In Tennessee, an NBC News/Marist poll found Rep. Marsha Blackburn ahead of Democratic rival and former governor Phil Bredesen by 5 points, rebounding from an earlier survey putting Bredesen ahead by a hair.

“I’m fighting for five things: faith, family, freedom, hope and opportunity,” she said on Fox News Radio’s “Todd Starnes Show” on Monday.

Bredesen bucked his party by announcing in October he would support now-Supreme Court Justice Brett Kavanaugh. "Obviously, I need to have independents and Republican votes to be elected in this state, but I'm certainly not ignoring Democrats," Bredesen told The Tennessean. "This is a campaign of inches, not feet and yards, and I need to get the votes wherever they are."

While a Vanderbilt University poll earlier this month showed Bredesen up by 1 point, the latest poll has Blackburn ahead 51-46 percent. It's another sign that pop star Taylor Swift's endorsement of the Democrat may have had limited impact. However, Republicans may be concerned their lead isn't bigger considering the voter makeup -- the NBC poll’s sample shows that 43 percent of likely voters identify as Republicans, but just 27 percent identify as Democrats. President Trump is due to visit the state on Sunday.

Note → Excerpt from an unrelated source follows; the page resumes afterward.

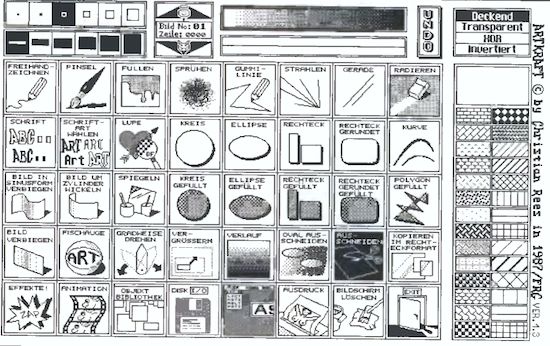 Was war der Freak zu Beginn des ATARI ST-Zeitalters doch froh, wenn er wenigstens ein paar Linien mühsam mit dem mitgelieferten ST-BASIC auf den Bildschirm brachte. Zu jener Zeit war ein komfortables Malprogramm noch Mangelware. Dies erkannten die Softwarehäuser und reagierten natürlich binnen kürzester Zeit darauf. Als die ersten fleißigen Grafikhelfer erschienen, hatten sie einen entscheidenden Nachteil: anfangs konnte man sie wegen der Pseudo-Monopolstellung der Hersteller kaum bezahlen. Am glücklichsten war damals sicher der Besitzer des Farbmonitors SM 1224. Schließlich konnte er das Public Domain-Programm “NEOCHROME” zum Nulltarif beziehen und so seinen Geldbeutel schonen. Ebenso spärlich wie der Preis waren auch die Funktionen: Ein paar Linien und Rechtecke, vielleicht gerade noch ein Kreis. An das Niveau, das man von heutiger Software gewohnt ist (Ellipsenausschnitte, beliebige Zeichensätze, Lasso etc.), war keinesfalls zu denken.

"We knew from the get-go it was going to be tight, this is his fourth state-wide race and this is my first," Blackburn said on Fox News' "America's Newsroom" Tuesday.

Meanwhile in Arizona, despite a host of controversies hitting Sinema, an NBC News/Marist poll shows her leading Republican Martha McSally by 6 points in a head-to-head contest. That race, however, tightens when Green Party candidate Angela Green is included in polling. At that point, Sinema’s lead shrinks to 3 points -- within the margin of error.

Sinema, who is running as a moderate Democrat in the red state, has been plagued by a series of controversies over comments she made in her days as a left-wing activist -- including saying that she didn’t care if an American joined the Taliban. McSally has seized on those remarks, accusing her of supporting treason, and has contrasted it with her own service as a fighter pilot after 9/11.

MARTHA MCSALLY ACCUSES KYRSTEN SINEMA OF SUPPORTING 'TREASON' IN FIERY ARIZONA SENATE DEBATE

Also in the West, Nevada Republican Sen. Dean Heller continues to hold a slim lead over Democratic challenger Jacky Rosen. An Emerson poll this month showed Heller ahead by 7 points, while the Real Clear Politics average of polls shows him ahead by 1.7 percent. Heller was given a boost by a recent visit to the state by Trump, who backed Heller and labeled Rosen “wacky Jacky.”

In Texas, a CBS11/Dixie Strategies poll also put Sen. Ted Cruz ahead of well-funded Democratic challenger Beto O’Rourke by 10 points -- a day after a Quinnipiac poll showed Cruz ahead by 5,

The Fox News Power Rankings puts 50 Senate seats in the Republican column (including those likely or leaning Republican, and GOP seats not up for election this year), and 45 in the Democratic column. Five races are marked as "toss-ups."

On the House side, the Real Clear Politics map shows 204 House seats tilting Democratic, and 199 tilting Republican, with 32 in the “toss-up” column. Fox News’ Power Rankings similarly puts the split at 207 seats for Democrats and 199 for Republicans, and the rest up in the air. It takes 218 seats to claim a majority.